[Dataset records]
☆ ☆ ☆

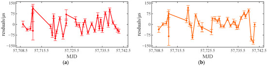 In the pulsar timing calculation, a relatively strict calculation process was adopted, and the results were improved compared with some research results using the same data [7,17]. The timing residuals error of multiple groups of data is less than 50 microseconds, and the corresponding ranging error is less than 15 km. If the corresponding timing accuracy is converted into positioning accuracy, it has satisfied the navigation and positioning requirements of the transfer orbit segment of the deep space explorer. At the same time, how to form an effective timing measurement in a short time is the focus of future research.
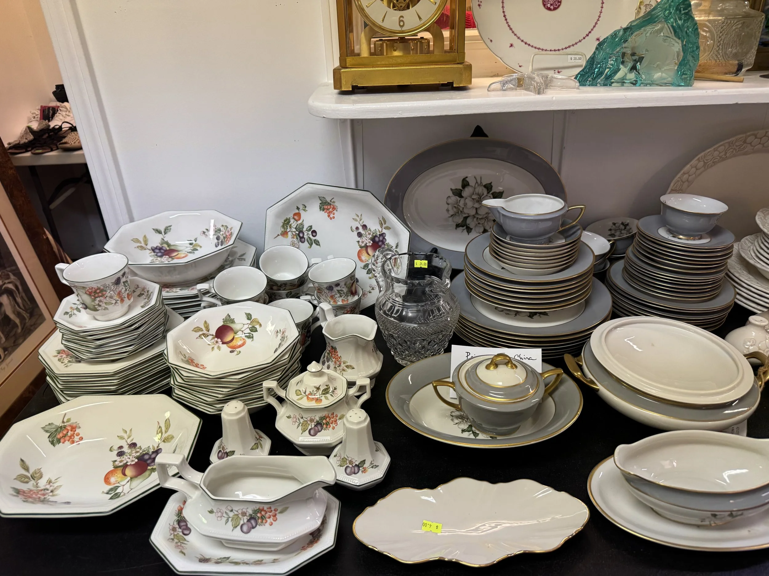 GlassWare/Kitchen: Several sets of china, Blue Ridge china, serving pieces, stemware, art glass, glass collectibles, etc
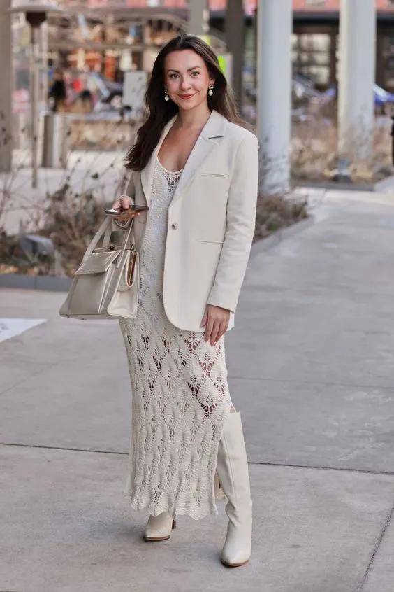 西装一般是比较基础简单的设计,所以为了表达更多的时髦感,内搭选择设计款连衣裙,简繁的结合依旧可以穿出平衡的感觉,时髦且气质。
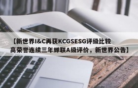 【新世界I&C再获KCGSESG评级比较高荣誉连续三年蝉联A级评价,新世界公告】
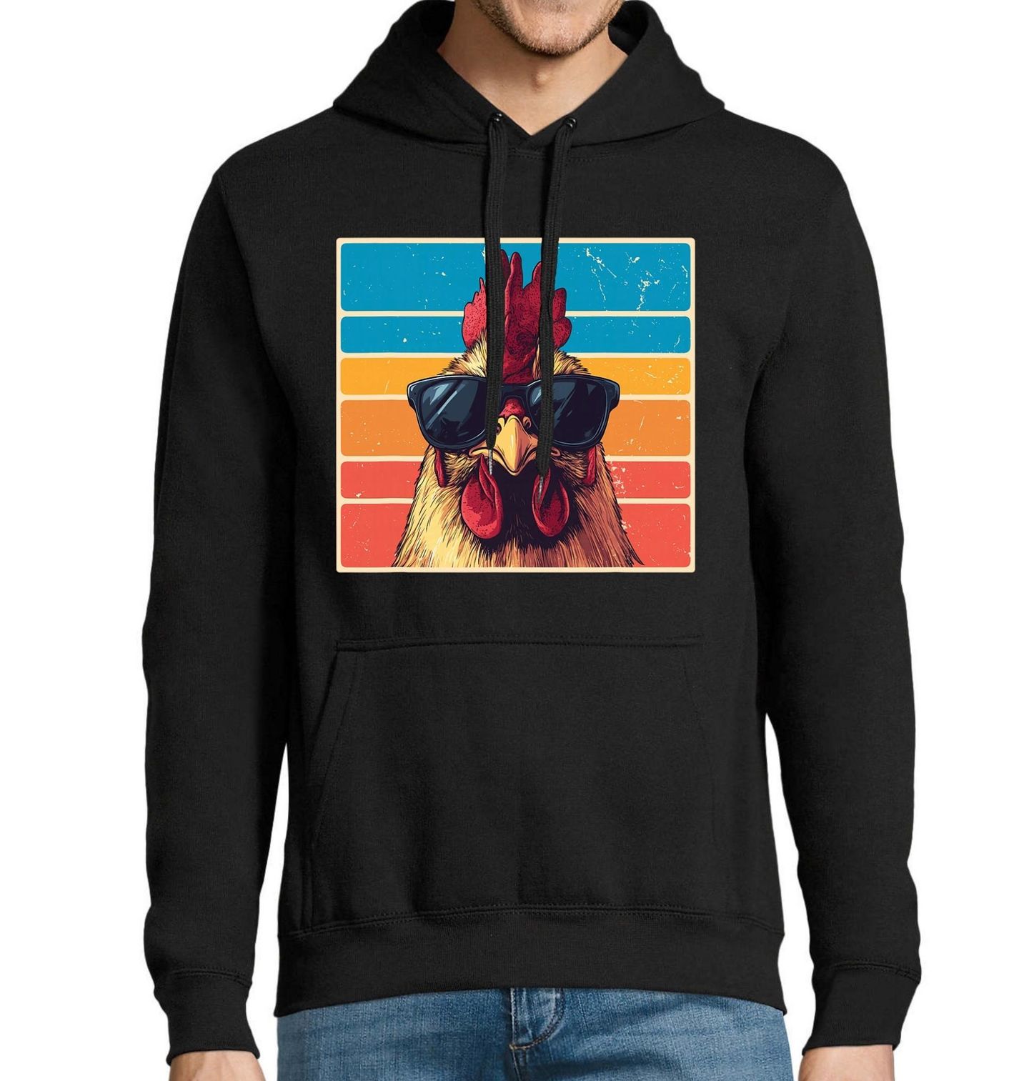 Pánská mikina Retro Kohout s Brýlemi. Design kombinuje výrazného kohouta s tmavými brýlemi a barevné retro pruhy, které evokují letní atmosféru a pohodu. Tento design je skvělou volbou pro ty, kteří chtějí vyjádřit uvolněný styl a smysl pro humor.

☆ ☆ ☆

Task brief: Would you please copy, exactly and only, the lines from the one with "GlassWare/Kitchen: Several sets" through the end of the entries above, skipping every picture?

Answer to this task:
 GlassWare/Kitchen: Several sets of china, Blue Ridge china, serving pieces, stemware, art glass, glass collectibles, etc
 西装一般是比较基础简单的设计,所以为了表达更多的时髦感,内搭选择设计款连衣裙,简繁的结合依旧可以穿出平衡的感觉,时髦且气质。
 【新世界I&C再获KCGSESG评级比较高荣誉连续三年蝉联A级评价,新世界公告】
 Pánská mikina Retro Kohout s Brýlemi. Design kombinuje výrazného kohouta s tmavými brýlemi a barevné retro pruhy, které evokují letní atmosféru a pohodu. Tento design je skvělou volbou pro ty, kteří chtějí vyjádřit uvolněný styl a smysl pro humor.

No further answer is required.